Programming - - By Kevin Yank

Full Feeds Financially Fruitful For Now

Like most online publishers, SitePoint has feeds (RSS and other formats) for most of its content. Also like most online publishers, SitePoint has struggled with the choice of how much content to put into its feeds: headlines only, summaries, snippets or the full content of each item. At the end of the day, we have chosen to strike a compromise, with our blog feeds offering full content while our other feeds (articles, forums, etc.) offer more limited content.

Robert Scoble today spelled out the advantages of full-content feeds. His argument goes like this:

For the moment, and for the foreseeable future, the users of RSS aggregators are the power users, journalists and other information addicts of the world. These people don’t generally click on ads unless they are very, very targetted. So if your revenue comes from advertising, you’re not actually missing out on any significant revenue by providing full content feeds that allow these readers to bypass the advertising on your site. Putting ads in your feeds doesn’t generally work for the same reason.

Taking the cynical view, if these readers aren’t clicking on ads, why should you even want to cater for them? Because they generate traffic for you, that’s why.
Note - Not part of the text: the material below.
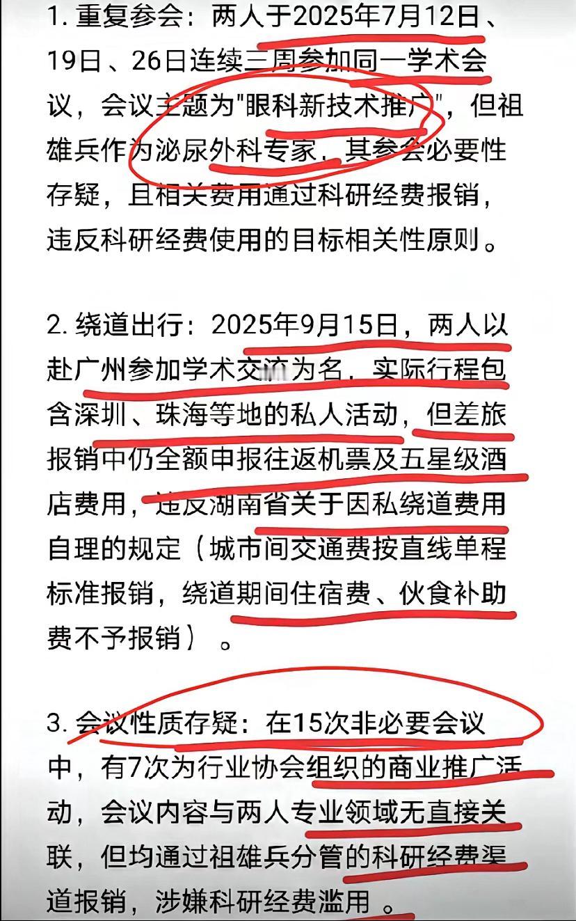 湖南省人民医院这瓜太敢了! 不查不知道 一查全是漏洞, 祖雄兵和曾琦的操作简直没把公立医院的规矩放在眼里!拿着纳税人的钱瞎折腾,这俩人也太胆大包天了吧! 谁能想象,短短6个月时间,两人共同出差居然高达27次,平均每个月近5次,这频率比小情侣约会还勤快!更过分的是,这27次出差里,15次都是“非必要会议”,还搞重复参会、绕道出行的猫腻,明摆着借着出差名义带薪摸鱼,把公家资源当成私人福利随便造! 更让人跌破眼镜的是,不雅视频居然拍在周一工作时间!这是完全把治病救人的职责抛到九霄云外了啊!更离谱的是,曾医生一年替班23次,其中18次都和祖医生值班重叠,自己让低年资医生顶班,却心安理得领全额补贴,这操作简直是把医院规则当空气! 这暴露的哪只是两个人的道德败坏,更是医院内部管理的巨大漏洞!拿着铁饭碗,占着优质医疗资源,不想着好好给患者看病,反而一门心思钻空子搞违规操作,这让信任他们的患者怎么能不寒心? 现在都是大数据时代,经济问题、合规性问题一查一个准,这种明目张胆的违规操作早该被揪出来了!医疗行业是守护生命的最后一道防线,容不得半点猫腻和懈怠,必须彻查到底,还医疗行业一片清明! 大家觉得,这样的违规医生该被直接开除吗?医院该怎么堵住管理漏洞,不让公家资源再被滥用?评论区聊聊你的看!

The same power users who use RSS aggregators also make use of social bookmarking services like del.icio.us, post links on sites like digg, or even editorialize on their own blogs. All of these activities put links to your site in front of the masses of people who do respond to advertising.

In short, make it easy for the information-addicted power users of the world to access your content through their feed readers, and you’ll be buying yourself lots of targetted, click-happy traffic.

The utopian view is that feed readers are moving towards mainstream adoption, and the day that happens this argument will no longer stand up. But Scoble thinks–and I agree–that day is still several years away.